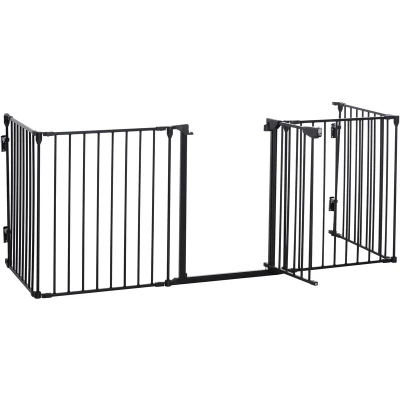 PawHut Pet Safety Gate 5 Panels Playpen Metal Fence w/ Walk Through Door Black
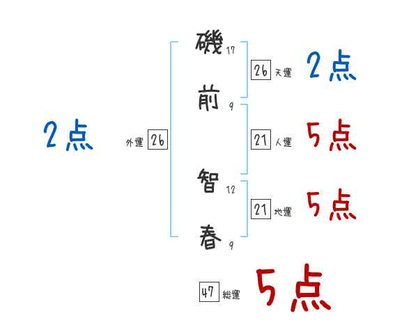 磯前智春さんの画数の鑑定結果
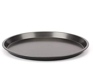 Grizzly Carbon Steel Pan Non Stick Round Plate Cake Pizza Tray Baking Mould (26 x 26 x 1.5 cm, Black)
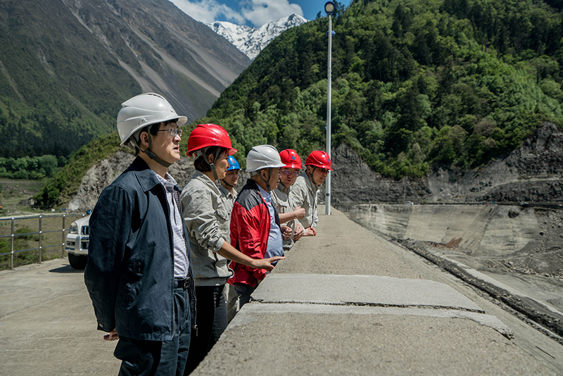 2018年5月24日,川投能源黨委書記、總經(jīng)理?xiàng)詈槁庶h委委員、副總經(jīng)理?xiàng)钇降纫恍腥烁疤餅澈庸鹃_(kāi)展汛期安全生產(chǎn)和環(huán)境保護(hù)工作檢查。田灣河公司總經(jīng)理李紅、總工程師熊宇及相關(guān)部門負(fù)責(zé)人陪同檢查。

▶ **Description of the task**
Retype the data word for word and keep the pictures out of it.

▶ **Output for this exercise**
 PawHut Pet Safety Gate 5 Panels Playpen Metal Fence w/ Walk Through Door Black
 磯前智春さんの画数の鑑定結果
 Grizzly Carbon Steel Pan Non Stick Round Plate Cake Pizza Tray Baking Mould (26 x 26 x 1.5 cm, Black)
 2018年5月24日,川投能源黨委書記、總經(jīng)理?xiàng)詈槁庶h委委員、副總經(jīng)理?xiàng)钇降纫恍腥烁疤餅澈庸鹃_(kāi)展汛期安全生產(chǎn)和環(huán)境保護(hù)工作檢查。田灣河公司總經(jīng)理李紅、總工程師熊宇及相關(guān)部門負(fù)責(zé)人陪同檢查。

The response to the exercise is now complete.